I just (finally) read The Time Traveler’s Wife and so have time travel on my mind (I love the concept).

I know crossover novels exist, where the author purposely works with another author and their main characters meet over a shared interest of some kind, but I’m going a little deeper here.

Actors take on new roles all the time. Can a character on a written page have the same opportunities?

Do you ever take one of your characters and drop him/her into a totally new story? Has a reader ever noticed?

Since character names aren’t copyrighted, wouldn’t it be fun to do a search on all published works for a character name and see how many novels the character appears in? Then see if any of the character descriptions match?

Lisa J. Jackson sometimes forgets her characters only live on the page and not in the real world. She is a New England region journalist and a year-round chocolate and iced coffee lover. She writes fiction as Lisa Haselton, has an award-winning blog for book reviews and author interviews, and is on the staff of The Writer’s Chatroom. Connect with her on Facebook or Twitter

28 thoughts on “Can characters live in different stories?

  1. I love this concept so much I have a book I’m working on where my protagonist dies and shows up in the sequel, reincarnated as a different person.
    I can’t give away details in a short response, but isn’t the idea of playing around with a character in different stories FUN? In my sequel, since she will be the same in terms of the essence of her personality, but there will be significant differences as she’s influenced by new experiences. I can change it up any way I decide is pertinent to the story line. This is a complex creative challenge. Have a feeling it’s going to take me quite a while to accomplish that goal! I have never seen Longmire. Will have to check it out, especially since I love BG!

    • Hi Laura!
      Reincarnation isn’t an aspect I’d considered, but it’s a fabulous idea!

      What you’ve shared about your project is intriguing…please keep us posted. 🙂

    • What a unusual idea. I love it. Good luck with this. If anyone can pull it off you can. I watched The Big C/Season One this past week and have visions of my book being made into a movie. Well, a person has to have a dream…

      • Dreaming is what writers do, isn’t it? That – and talk to themselves alot…
        Keep dreaming and writing saranell!

  2. Sometimes I walk at Enchanted Rock with friends, often in the places where things in my stories happen. I have realized several times that they think what I am talking about is real life, rather than inventions of my imagination. What is real? Don’t ask a writer or a physicist if you want a simple answer.

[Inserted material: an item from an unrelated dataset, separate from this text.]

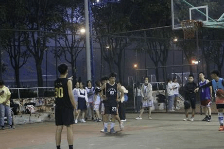 赛前,球员们提前聚集在场地,进行热身与防守策略的讨论。而其他同学们也早早地到达场地边缘,准备为自己班级的队伍呐喊声援。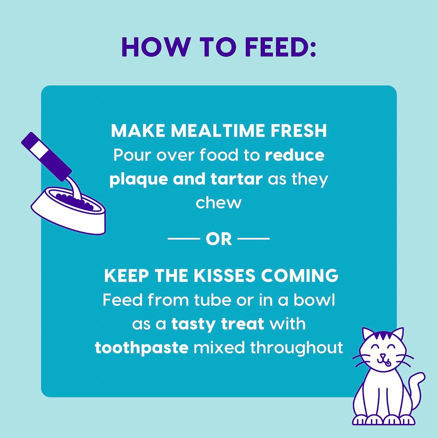 - Pour over food to reduce plaque and tartar as they chew.

    • Very good points, Robert. 🙂 I haven’t written about a real place (or turned a real place into a fictional location) in my fiction yet, but can see what you’re saying. Actually, that’s a good tidbit for writers who use a real location – if the writing seems to be slowing down, go ‘visit’ your character in that location and have a conversation. It might shake the words loose.

      I like that!

  3. I started writing ‘Artful’ about the continuing adventures of the Artful Dodger. By the time I’d finished it several other authors had done the same. What is really odd is that one of the other books has a character with a similar name to one of my characters.

    • I’ve heard about similar tales, Martin. I know sometimes there are calls for anthologies or serial stories and the publisher will give some details (sometimes characters) about what each story *has* to include. It’s up to each other to write an original story using the stated details.

      Interesting that you’ve found a similarly named character in a similar book – I wasn’t sure they’d exist!

      Your profile mentions “The Wind in the Willows” – that’s a book title I haven’t heard in about 3 decades. I remember loving the story a lot. I have to find that book now. 🙂

  4. I loved BSG and have been recording Longmire because of Katee Sackoff, but I’ve yet to watch it yet.

    I’ve read a few books where characters from other books have shown up; In YA lit, Sarah Dessen and Stephanie Perkins have done this. It’s a fun treat for devoted fans to see past characters show up again. Susan Elizabeth Phillips’ series tend to be about different characters in the same universe rather than multiple stories on the same character. I like that too because you can get more in depth in one book with a character who was only a supporting person in another. Very cool idea.

    • Thanks, Stephscottil for sharing the author names.

      You’ve reminded me of Sylvie Kurtz who has a romantic suspense series with a core of several characters – each book brings one character to the front of the stage and the others have supporting roles. Actually, that’s what a few of my favorite authors (JR Ward and Jessica Andersen to name two) do.

  5. The Wind in the Willows is a great book, one that I loved from an early age. I felt greatly honoured to win the competition organised by the Kenneth Grahame Society to write a sequel story.

  6. I have written about a main character that feels very alive inside of me. She is a teenager, in a YA story that I still hope to see published! Lately, I dream of her as a young woman on the go. She is not exactly the same person, though in my heart they are both ‘Rain.” If I must give her a new name…it will be very difficult to remember while I am writing!!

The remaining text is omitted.